▸ Information supplied
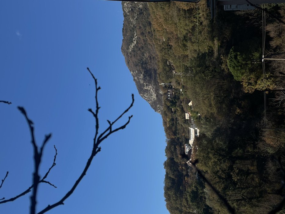 The image depicts a mountainous landscape under a clear blue sky, consistent with the terrain surrounding Budva, Montenegro. In the foreground, out-of-focus dark tree branches extend from the top, framing the upper portion of the scene. The midground features a steep hillside densely covered with deciduous and evergreen trees, exhibiting autumnal coloration in parts. Several white or light-colored multi-story residential buildings are visible interspersed among the trees on the slope. Multiple horizontal power lines traverse the midground, supported by a prominent, dark-colored lattice utility tower located to the right of center. The background reveals a rugged, rocky mountain peak with areas of sparse vegetation, rising against the clear sky. No individuals or discernible actions are present in the scene. The lighting indicates a bright, sunny day, casting some shadows within the dense vegetation.
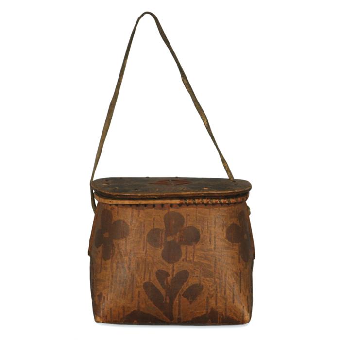 Ojibwa Birch Bark Container. 6" x 6" x 5". Ornate floral scratch work overall. C. 1860s. (est $500-750)
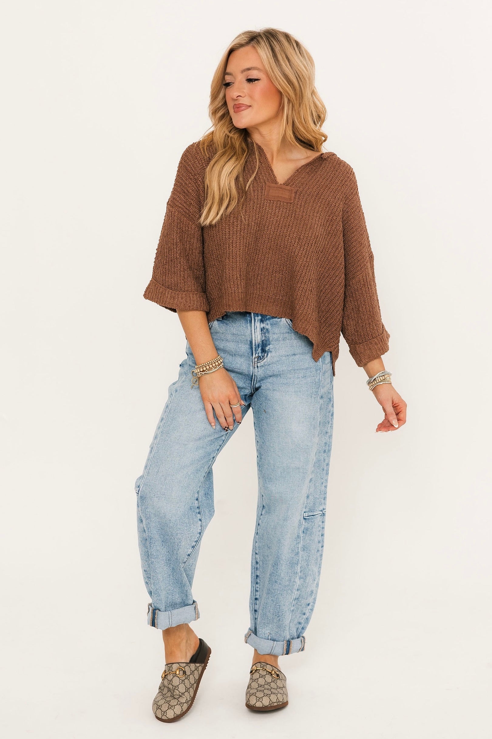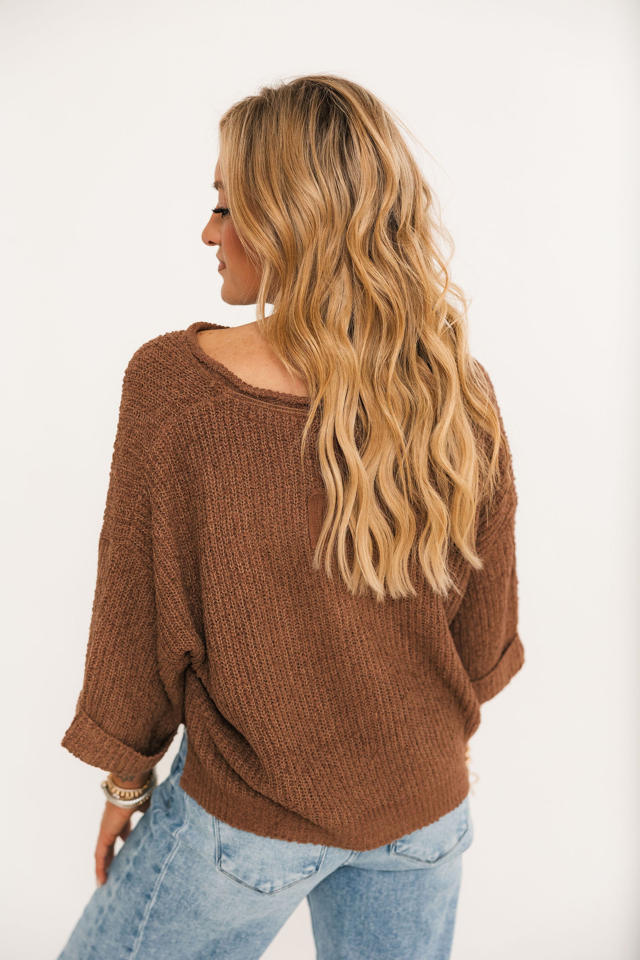 The Loralei Sweater is a cozy, laid-back essential with a touch of modern charm. Designed in a warm chestnut hue, it features a relaxed fit with a versatile v-neckline and mixed sleeve lengths for easy layering. Solid front and back patchwork details bring a unique finish, making it the perfect piece to pair with denim or skirts for effortless everyday style. Lexi is wearing a small.
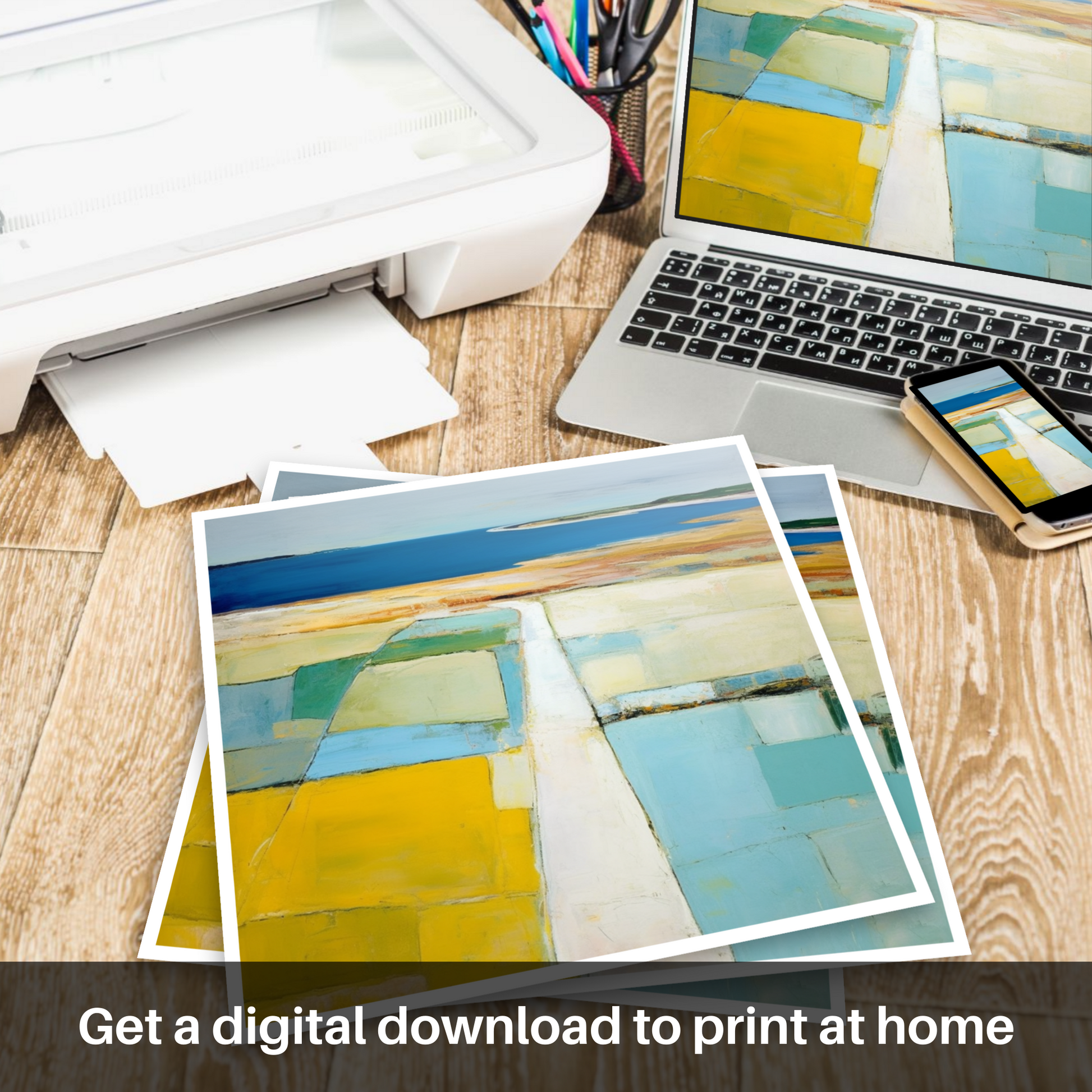 Dive into the dynamic embrace of land and sea with our evocative abstract interpretation of Gullane Beach. This exquisite piece captivates with its bold interpretation of nature's palette, where earthy tones of ochre and sand meet the vivid azures and deep navies of the Scottish shoreline.

▸ Task goal
Word for word, repeat the lines of data above, omitting every picture.

▸ Answer below
 The image depicts a mountainous landscape under a clear blue sky, consistent with the terrain surrounding Budva, Montenegro. In the foreground, out-of-focus dark tree branches extend from the top, framing the upper portion of the scene. The midground features a steep hillside densely covered with deciduous and evergreen trees, exhibiting autumnal coloration in parts. Several white or light-colored multi-story residential buildings are visible interspersed among the trees on the slope. Multiple horizontal power lines traverse the midground, supported by a prominent, dark-colored lattice utility tower located to the right of center. The background reveals a rugged, rocky mountain peak with areas of sparse vegetation, rising against the clear sky. No individuals or discernible actions are present in the scene. The lighting indicates a bright, sunny day, casting some shadows within the dense vegetation.
 Ojibwa Birch Bark Container. 6" x 6" x 5". Ornate floral scratch work overall. C. 1860s. (est $500-750)
 The Loralei Sweater is a cozy, laid-back essential with a touch of modern charm. Designed in a warm chestnut hue, it features a relaxed fit with a versatile v-neckline and mixed sleeve lengths for easy layering. Solid front and back patchwork details bring a unique finish, making it the perfect piece to pair with denim or skirts for effortless everyday style. Lexi is wearing a small.
 Dive into the dynamic embrace of land and sea with our evocative abstract interpretation of Gullane Beach. This exquisite piece captivates with its bold interpretation of nature's palette, where earthy tones of ochre and sand meet the vivid azures and deep navies of the Scottish shoreline.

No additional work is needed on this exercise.